The Bytes Behind Biology

BigBen's 21 cabinets hold 4,136 processors

A three-dimensional image of a human neurosynaptic membrane spins in the middle of a darkened room, its serpentine powder-blue profile passing only meters in front of my face. Magenta dots dance around the membrane; some bind to receptors attached to the tissue, while others vibrate wildly. The only sound is the humming of two projectors. Joel Stiles, director of the National Resource for Biomedical Supercomputing (NRBSC) at the Pittsburgh Supercomputing Center (PSC), begins to narrate, explaining that the magenta dots are calcium ions flowing into the membrane. Their binding triggers neuromuscular firing.

The image looks real enough to touch, thanks to two projectors and data rates 20-25 times higher than a standard DVD movie. "This transforms stereo display from something that's just kind of a gimmick to something that's extremely useful," says Stiles from the back of the room, the colors reflecting off the lenses of his 3-D glasses. As the camera zooms out, the shadow of the translucent gray nerve comes into view, showing the entire system. "This is what you hope it looks like in the normal case," he says.

BigBen's networking cables and switches

ﾩ Mark Bolster Photography

These movies, based on two software programs that he developed, are Stiles' tools for uncovering the action of neurosynaptic firing. Each model requires detailed programming and hundreds of hours of computing time. None of it would be possible without the processing power of PSC's supercomputers, which run through all the potential ways the neurosynaptic system might respond to an influx of calcium ions - action we otherwise couldn't see in real time. Like all the other projects associated with PSC, it would take years to do what the biggest computer, aptly dubbed BigBen, can do in a tiny fraction of the time. BigBen's 4,136 processors can accomplish in weeks the tasks that would require five to 10 years for today's fastest desktop computers.

That kind of power comes at a price. In September 2004, the National Science Foundation gave PSC $9.7 million to build BigBen. Overall, PSC received $52 million to build TeraGrid, which links nine computing centers (including BigBen), bringing together 280 teraflops of computing power. This network has produced an estimated 600-plus papers in 200 journals. And at PSC, a voluntary database of papers submitted by supercomputer users shows 2,200 papers published over the last five years.

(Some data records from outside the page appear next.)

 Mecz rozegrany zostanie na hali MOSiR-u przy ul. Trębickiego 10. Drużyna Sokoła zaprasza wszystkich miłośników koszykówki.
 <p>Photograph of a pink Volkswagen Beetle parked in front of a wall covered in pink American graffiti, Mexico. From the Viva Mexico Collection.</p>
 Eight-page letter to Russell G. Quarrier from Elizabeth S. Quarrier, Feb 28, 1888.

Researchers have harnessed this computing power to produce the first atomic-level look at how certain proteins can bind and pass through the nuclear pore complex, thus confirming three of the four binding sites suggested by electron microscopy, and identifying six novel sites. Those findings resulted from using just one supercomputer for 16 24-hour simulations. Another project has corrected previous estimates of the number of binding sites on calcium receptors in the synaptic membrane. Now, BigBen is steadily churning through simulations of the 2.7 million atoms in action in the ribosome.

Lush greenery fills the wide windows outside most PSC offices, part of a squat brick building 14 miles from BigBen, and tucked among the outdoor restaurants and novelty shops of the Oakland neighborhood. The wide corridors of PSC are lined with multicolored posters depicting enzymes and mouse heart cells. Structural biology posters present ribbons of rainbow-colored molecules. Indeed, the wall art along the quiet floors of PSC make up for what is lacking in outward exuberance: Most employees sit before two monitors or more, clicking away at their keyboards with little chatter, some with their feet up on the desk, shoes off.

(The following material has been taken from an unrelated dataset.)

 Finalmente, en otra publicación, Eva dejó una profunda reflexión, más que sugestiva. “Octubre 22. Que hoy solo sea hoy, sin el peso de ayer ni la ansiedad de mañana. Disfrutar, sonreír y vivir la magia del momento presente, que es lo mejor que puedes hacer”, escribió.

Nearly a month after moving into a new corner office on the fourth floor, Stiles' walls are essentially blank. He attributes this to having too much work and no time to think about decorating. Nonetheless, if your business is visualization, a clean, white wall could be a welcome break.

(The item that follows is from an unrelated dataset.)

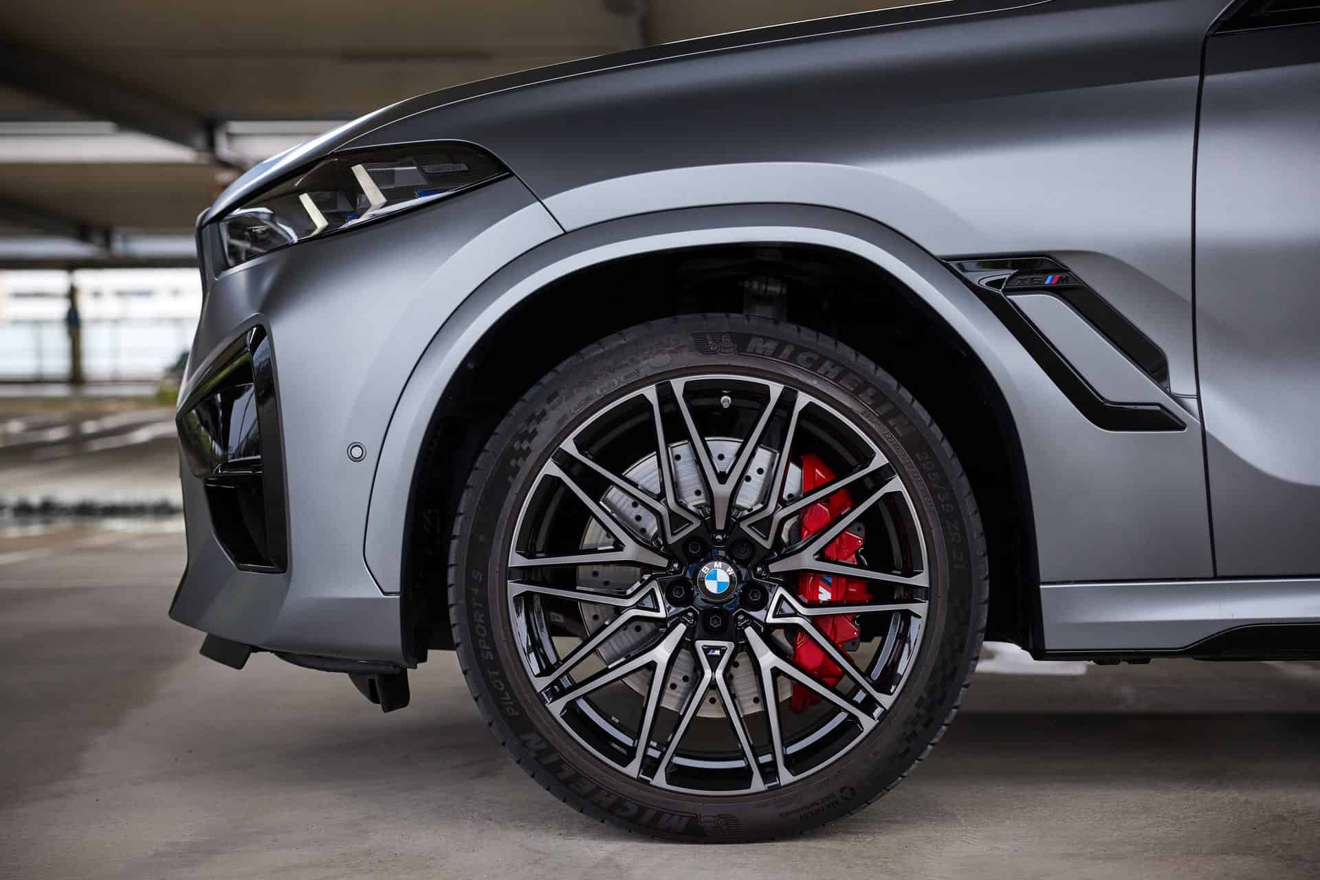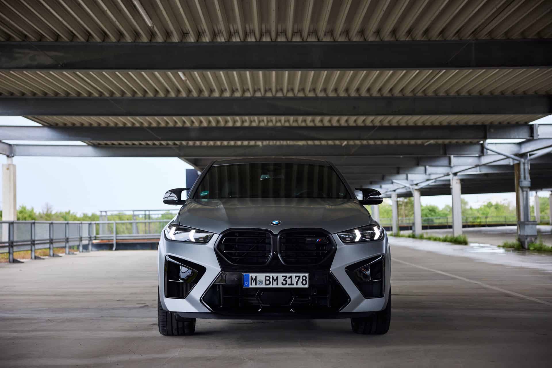 The X6 M continues to be offered with an assortment of Individual paints, including this matte finish. Frozen Pure Grey suits the G06 quite nicely and with this being the LCI model, it gets the updated kidney grille design with horizontal slats shared with the X5, XM as well as the new M2. The revised version has also received slightly slimmer headlights incorporating daytime running lights shaped like arrows pointing outward.

Computer models that can predict what will happen in a particular system have been used for decades, such as in weather forecasting. Because models run on a set of infinite possible outcomes, however, the work depends on supercomputers to run through each of the potential outcomes and pinpoint those that are more likely to occur.

In 2005, using MCell (Monte Carlo Cell simulation) and DReAMM (Design, Render, and Animate MCell Models) - two programs that he wrote and has continued to develop for more than a decade - Stiles' group showed that previous research underestimated the number of binding sites on the calcium receptors in the synaptic membrane. ¹ Preexisting models, based on electron microscopy and experimental work, had suggested four calcium binding sites to facilitate neurotransmission. Stiles created a model of single calcium channels with stochastic opening and closing, which allowed him to watch the influx of calcium through single channels, trace each ion as it entered through each channel independently, and look at the vesicle it happened to bind to, if any.

By varying the number of binding sites and relating that to the molecular data, all while tracking the release of neurotransmitter, the group came up with a different estimate of the number of binding sites. "It turns out that we find that we need many more than four biding sites for calcium," Stiles says. Otherwise, "the system is so insensitive that nothing would ever happen."

Inside the computer, a cooling fan is more than a foot in diameter.

ﾩ Mark Bolster Photography

The model enables Stiles to change variables in the system, such as knocking out some calcium channels, which mimics what happens with certain neurodegenerative diseases. He can also stimulate the cell more than once in the simulation, releasing a stronger concentration of neurotransmitters and recreating both short-term and long-term plastic changes in the brain. "We're always driven by wanting to answer new scientific questions," Stiles says. "You have no choice in doing the software development alongside the application, and that is an enormous task."

One of the pitfalls of the PSC research comes from believing it too much. It's a powerful tool that produces picture-perfect images, and the scientists must constantly remind themselves that what they see is a representation, not reality. "In our job we forget that we're looking at models, and need verification," says Stiles' coworker Troy Wymore. Computer-based researchers, he adds, must be careful not to say of their work: "This is nature."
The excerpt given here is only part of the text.